# End Mill sliping



## kvt (Dec 22, 2017)

Ok,  Just got a RF30 and was trying to work on a piece of Steel.   Using an  1/2 inch End Mill, in a 1/2 inch r8 collet.  but in going across the piece I noticed that by the end of it, the end mill was not cutting really.   Brought it back down to where I started and noted it was not touching.   As it moved down the material it was sliding up into the collet.   Ok,  second try,  I cranked down on the draw bar then tried again. Ensured it was a slower speed and feed,   Same results    It is like it does not work.   On all the ones I have used prior I had collet holders on them.   Is it normal for them to not hold in collets,   I'm normally using much smaller things,   (Sherline 5400 mill)   
Any help/advice would be greatly appreciated.


----------



## woodchucker (Dec 22, 2017)

Interesting, normally the endmill would pull down into the work. The fact that it is climbing back in is wierd.  Is the mill spindle turning in the correct direction? Or is this a downcut end mill. Commonly used in wood working to prevent lifting ply. I have not seen one for metal, but maybe I'm wrong.

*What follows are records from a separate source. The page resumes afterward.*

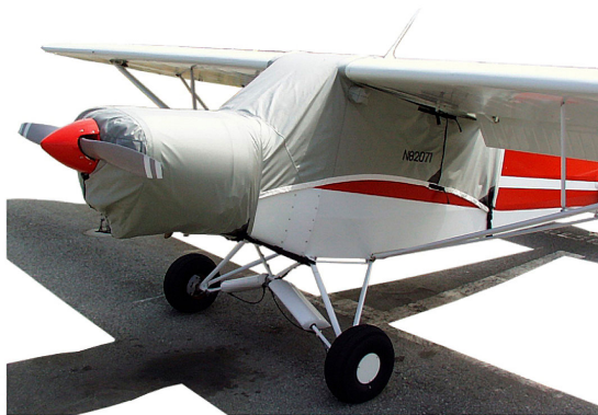
Piper PA-18 Super Cub Canopy & Engine Covers

This cover type is made from Silver Acrylic Sunbrella canvas and is 100% lined with a soft and smooth microfiber. Bruce's Custom Covers developed this material combination especially for aircraft protection. The outer material is medium weight and treated for water resistance, UV resistance and anti-static buildup. The inner lining is a very soft and smooth microfiber to prevent scratching. The material is very reflective, and tests show that the cabin interior temperature can be reduced to near-ambient temperature on the hottest of days. It is water, ice and snow repellent, yet breathable to allow moisture to escape from between the cover and the aircraft surface.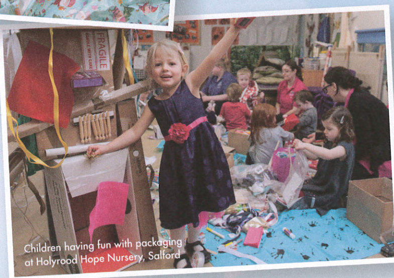
Children having fun with packaging at Holyrood Hope Nursery, Salford

"This all fits in with the Government's British Values guidelines for nurseries on celebrating different faiths and cultures."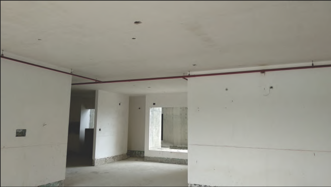
2nd to 3rd floor (Plastering work)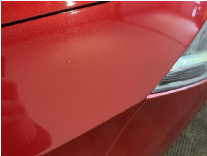
1: Wing osf Chipped 1 To 5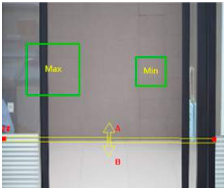
Figure 6-4 Set Rule

Target Validity If you set a higher validity, the required target features should be more obvious, and the alarm accuracy would be higher. The target with less obvious features would be missing.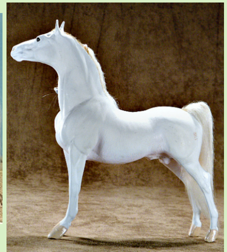
BBG's Silver Ghost 40 Years Old!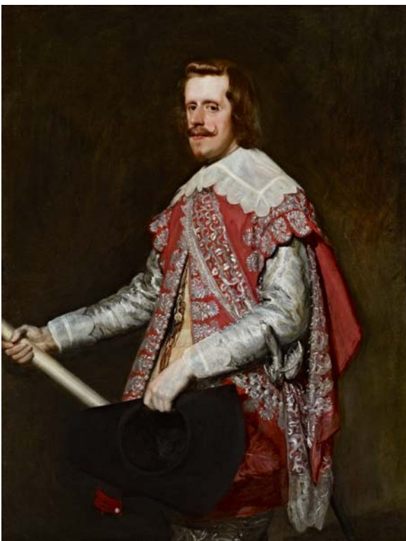
Velázquez, King Philip IV of Spain, 1644, oil on canvas, 51 1/8 x 39 1/8 inches, The Frick Collection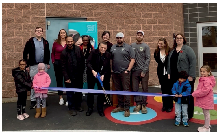
HFSS, HWDSB Representatives and Kal Tire staff cutting the ribbon to the play area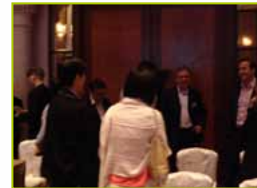
Breakout Group Discussion - Morning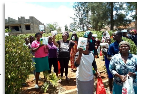
Community Collecting Food

It was a great day, and we were able to help many with their physical and spiritual needs. This day was followed by door knocking with advertisements for the congregation. It was certainly a gesture of goodwill in the community showing the love of Christ. Please pray that this day bears much evangelistic fruit for the new congregation in that area.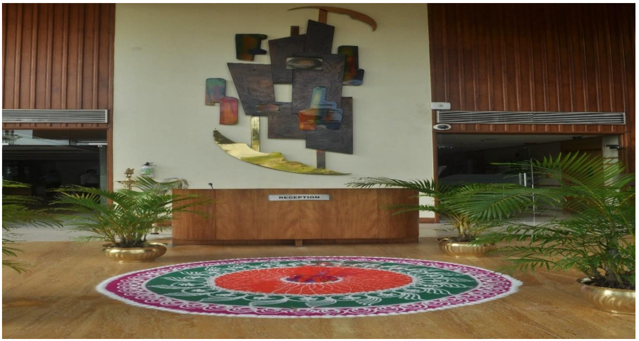
We have a reception area for convenience of trainees, visiting faculty, officers and guests.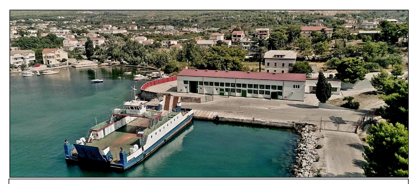
CorteCros's logistics and distribution center is strategically located in the port near Split, enabling fast shipment and distribution of Cortec's products throughout Europe and the world.

CorteCros® recently acquired a facility building in Split from CROSCO d.o.o., subsidiary of INA, a Croatian multinational oil company. The company is now the 100 percent owner of the logistics and distribution center in Split, which has recently expanded its production facility and storage capacity. Split is now Europe's main production and distribution point for Cortec's corrosion protection chemistries.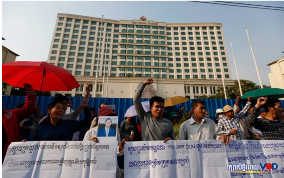
The Great Duke's employees protest in front of the hotel on January 20, 2020. (Panha Chhorpoan) The Great Duke's employees protest in front of the hotel on January 20, 2020. (Panha Chhorpoan)

[responsivevoice_button voice="US English Female"]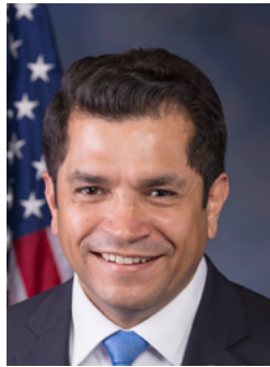
Representative Jimmy Gomez (D-CA)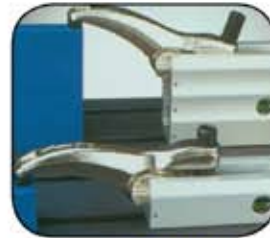
Series MQ 110/130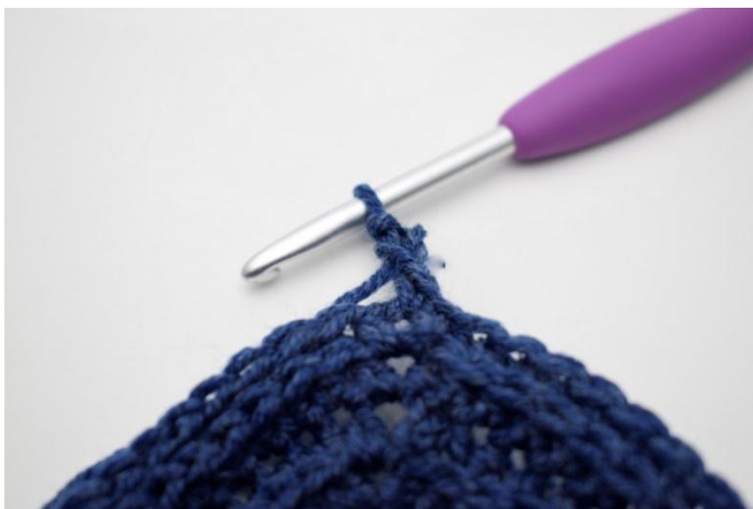
5. Like this.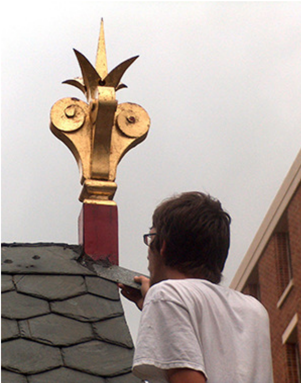
Figure 5. The use of a sealant to close an exposed joint is not always an effective long-term solution. Where this decorative wood element connects to the slate roof, the sealant has failed within a short time and a proper metal flashing collar is being fitted instead.

masonry. Spalled masonry is often evidence of the previous use of a mortar mix that was too hard.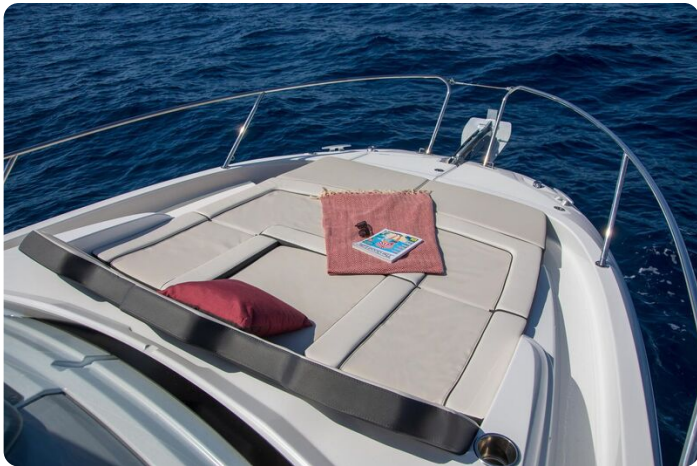
Jeanneau Cap Camarat 9.0 WA - bow sun lounger with infill cushion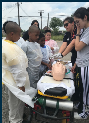
And this is what it's like to save lives everyday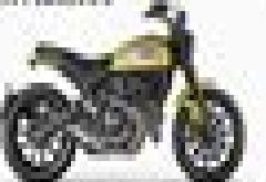
SCRAMBLER MACH 3.0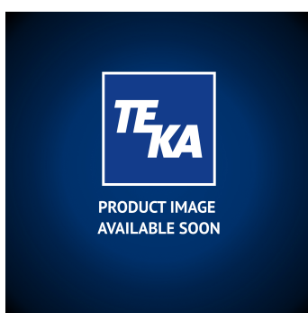
Activated carbon filter 337 x 230 x 212 mm Product No.: 97059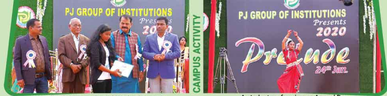
Prize distribution on Annual Day by the Guest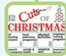
12 Cuts of Christmas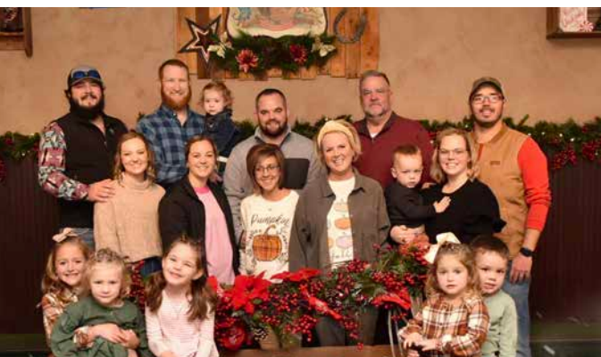
RILEY'S FAMILY ON VACATION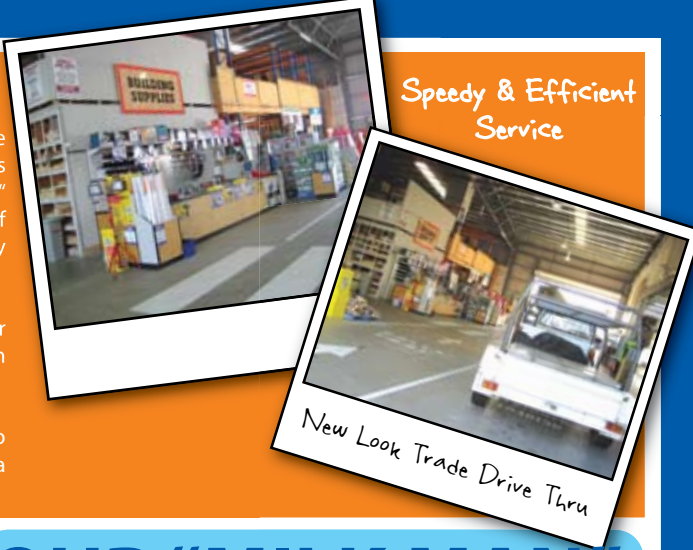
Speedy & Efficient Service

Do you have a end mill holder? its a holder that uses a set screw to hold the weldon flat. If it's a carbide endmill the endmill will not have a flat, and that makes it harder to hold.
Not sure what you mean by collet holder? an R8 is a collet, an ER32 is a collet.


----------



## mikey (Dec 22, 2017)

It sounds like the 1/2" R8 collet is not holding the end mill solidly, despite tightening the draw bar. Is the end mill really a 1/2" OD? An R8 collet has a limited capacity to tighten below its rating. Also check the collet to see if it is damaged in any way or try another collet.


----------



## markba633csi (Dec 22, 2017)

Try lubing the collet and the threads on the drawbar but NOT the shank of the endmill. Tighten it up pretty snug and try again
Use some oil on the cutting edges.  Let us know how it goes.
Mark


----------



## Bob Korves (Dec 22, 2017)

R8 collets can only hold work or tools about .005" under the nominal size, and the closer to nominal the better.  If the cutter shank is actually 12mm, a 1/2" collet will not hold it.


----------



## EmilioG (Dec 22, 2017)

This is what I worry about with the out of spec r8 collets.  I'm having a similar issue with a new Hardinge r8 1/2" collet.
I haven't used it yet.  The fit is so sloppy, that I worry that slipping will occur. Generic collets are probably even worse.
Bob is correct, and the r8 specs must dead on or tenth or two under nominal.  Does the collet hold the tool without slipping out
before you put it in the spindle? or, the OD taper may be too small.  Either way, you get a bad collet.


----------



## Bob Korves (Dec 22, 2017)

Also make sure your drawbar is not too long and bottoming out in the collet before it draws the collet far enough to grip the work.


----------



## ezduzit (Dec 23, 2017)

Don't know what an RF30 is, but can't you use a proper end mill holder instead of the collet?


----------



## kvt (Dec 23, 2017)

Thanks for all the input.   The end mill fits snugly in the collet without falling out prior to tightening,   Did oil the threads and the outside of the collet.  The draw bar is does not bottom out prior to full tightening,  verified it on the threads.   Do not have any r8 endmill holders, have started looking for some.   Was using cutting oil on the steel also.


----------



## Bob Korves (Dec 23, 2017)

I try to keep the inside of my R8 spindle dry, no oil ever.  Collets likewise.  They need all the help they can get to keep from spinning, R8 is not a very robust system for mounting collets in a mill.  The anti-rotation screw, if you have one, is only really an aid to installing collets, depending on who you ask.  It will shear off if it gets a real load on it, and replacing it is a real job on some mills.  Some prefer not to have the anti-rotation screw in the spindle.  I have had both with and without, and can live with either.  Friction of collet to spindle is what keeps the collet from slipping


----------



## rgray (Dec 23, 2017)

ezduzit said:


> but can't you use a proper end mill holder instead of the collet?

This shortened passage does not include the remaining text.